Mammals and Birds: Four-chambered heart structure facilitates efficient circulation; allows for complete separation of oxygenated and deoxygenated blood, enhancing metabolic capabilities, and enabling endothermic regulation.

Fish: Simple heart with sinus venosus.
Amphibians: Three-chambered heart with some mixing of blood, specialized features to reduce mixing.
Reptiles: Partially divided ventricles; variations among species (crocodiles have complete separation).
Mammals and Birds: Fully divided four-chambered heart; efficient pumping system ensuring separate pulmonary and systemic circuits.

Open Circulatory Systems:
- Found in most mollusks and arthropods.
- Examples: Insects, lobsters.
- Structure:
- Hemolymph circulates through open cavities, not confined to vessels.
- Lower pressure system; body movement aids circulation.
- Function:
- Facilitates nutrient exchange through diffusion; less efficient in oxygen transport due to lower pressure.
Closed Circulatory Systems:
- Found in cephalopods, annelids (earthworms), and vertebrates.
- Examples: Humans, octopuses.
- Structure:
- Blood contained within vessels; allows for higher pressure and efficient oxygen transport.
- Function:
- Rapid transport of nutrients and gases; better suited for larger organisms.
No Circulatory System:
- Examples: Sponges and cnidarians (like the Hydra).
- Structure & Function: Circulation relies on environmental water and simple diffusion; efficient for small, simple organisms.

Fish:
- Two-chambered heart (1 atrium, 1 ventricle).
- Advantage: Efficient for gill circulation but limits metabolic rate due to single-loop system.
Amphibians:
- Three-chambered heart (2 atria, 1 ventricle).
- Advantage: Partial separation of oxygenated and deoxygenated blood, improving efficiency.
Reptiles:
- Three-chambered heart with partially divided ventricles (fourth chamber in crocodiles).
- Advantage: Controls blood flow better, reducing mixing.
Mammals and Birds:
- Four-chambered heart (2 atria, 2 ventricles).
- Advantage: Complete separation of oxygenated and deoxygenated blood, allowing high metabolic rates and sustained activity.

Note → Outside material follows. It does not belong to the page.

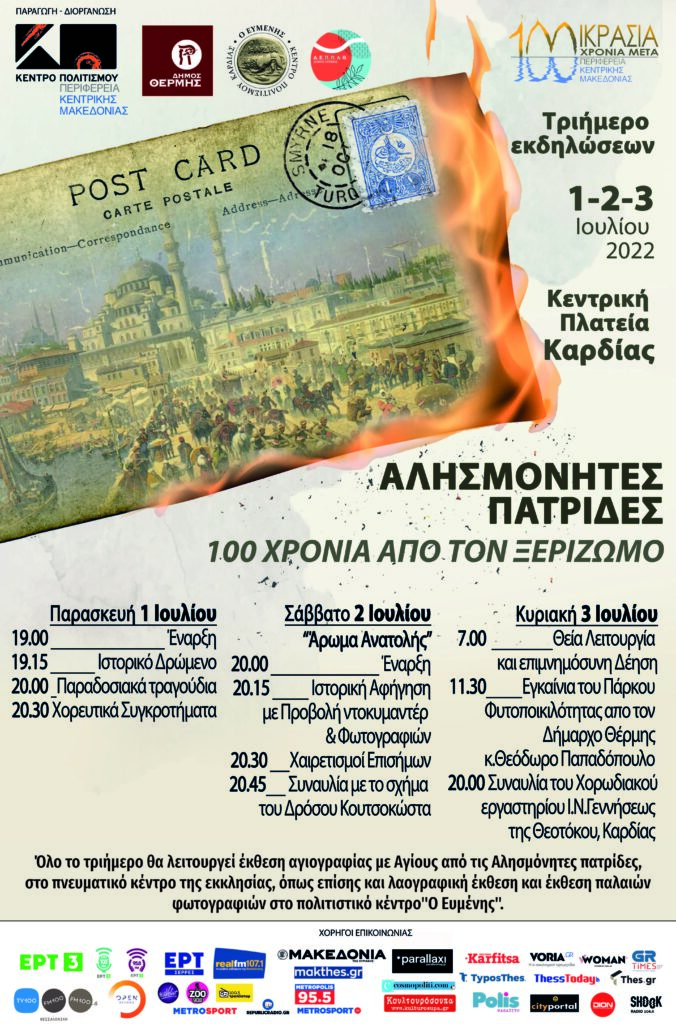 Συγκεκριμένα οι εκδηλώσεις που θα πραγματοποιηθούν στην κεντρική πλατεία της Καρδίας, θα ξεκινήσουν την Παρασκευή, 1 Ιουλίου, στις 19.00.Την έναρξη των εκδηλώσεων θα κηρύξει ο πρόεδρος της κοινότητας Ιωακείμ Τρικαλιάρης και θα ακολουθήσει ιστορικό δρώμενο από τον σύλλογο προσφύγων Ανατολικής Θράκης, Αγίας Τριάδας Θεσσαλονίκης. Πρόκειται για δραματοποιημένη αφήγηση όλων των δεινών που υπέστησαν οι εκπατρισθέντες Έλληνες από την Ανατολική Θράκη μέχρι την εγκατάσταση τους στην ελεύθερη Ελλάδα. Στη συνέχεια η χορωδία του ΚΑΠΗ Καρδίας, με χοράρχη τον Στέλιο Ζαχαρίου, Πρωτοψάλτη του Ι.Ν Αγίας Σοφίας Θεσσαλονίκης, θα παρουσιάσει παραδοσιακά τραγούδια από τις αλησμόνητες πατρίδες ενώ η Χαρούλα Στεργίου, θα τραγουδήσει μελοποιημένα ποιήματα της ιδίας, που αφορούν την προσφυγιά. Θα ακολουθήσουν τραγούδια της Ανατολικής Θράκης, της Προποντίδας,της Πόλης και των παραλίων της Μικράς Ασίας, από παραδοσιακή ορχήστρα και θα χορέψουν τα χορευτικά συγκροτήματα από το Πλαγιάρι του δήμου Θέρμης, το Πλαγιάρι Γιαννιτσών, και του πολιτιστικού κέντρου “Ευμένης” Καρδίας.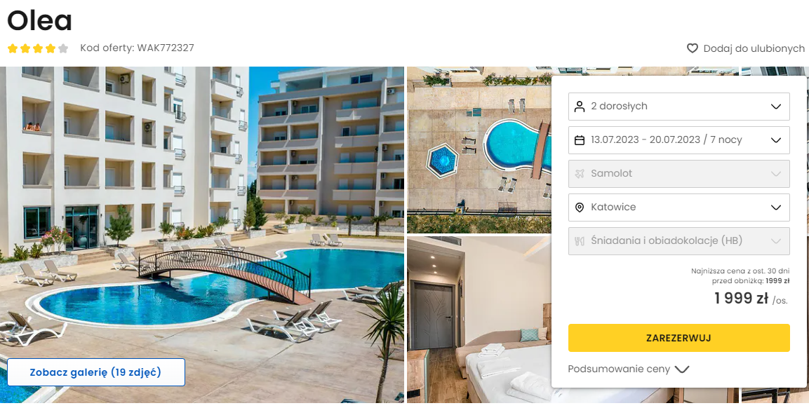 Spędzisz tydzień w 4* hotelu Olea. Dla gości przygotowano tam m.in. odkryty basen, pokoje z balkonem i klimatyzacją oraz darmowe transfery na plażę. W cenie wycieczki otrzymasz przeloty, transport na trasie lotnisko – hotel – lotnisko, opiekę rezydenta, podstawowe ubezpieczenie oraz wyżywienie w formie śniadań i obiadokolacji.

Mechanism: Gases diffuse across membranes based on partial pressure gradients.
- Higher partial pressure of oxygen (O2) outside compared to inside promotes diffusion into the organism; vice versa for carbon dioxide (CO2).
Media Types:
- Gases diffuse more readily in water than in air due to the solubility of gases.
Evolutionary Strategies:
- Larger surface area, thinner membranes, and strategies like countercurrent exchanges in gills maximize diffusion rates.

Structure: Gills composed of thin filaments and lamellae increase surface area.
Advantages:
- Highly efficient at gas exchange due to the large surface area and proximity to blood supply.
- Supports respiration in aquatic environments where oxygen is less abundant than in air.
Disadvantages:
- Vulnerable to damage and obstruction.
- Requires constant flow of water for gas exchange to be effective.

Countercurrent Flow:
- Blood flows in the opposite direction of water movement over the gills.
- Advantage: Maintains a gradient for oxygen diffusion throughout the entire length of the gill.
Concurrent Flow:
- Blood and water flow in the same direction.
- Disadvantage: Results in rapid equilibrium; reduces efficiency of gas exchange as less oxygen is absorbed compared to countercurrent flow.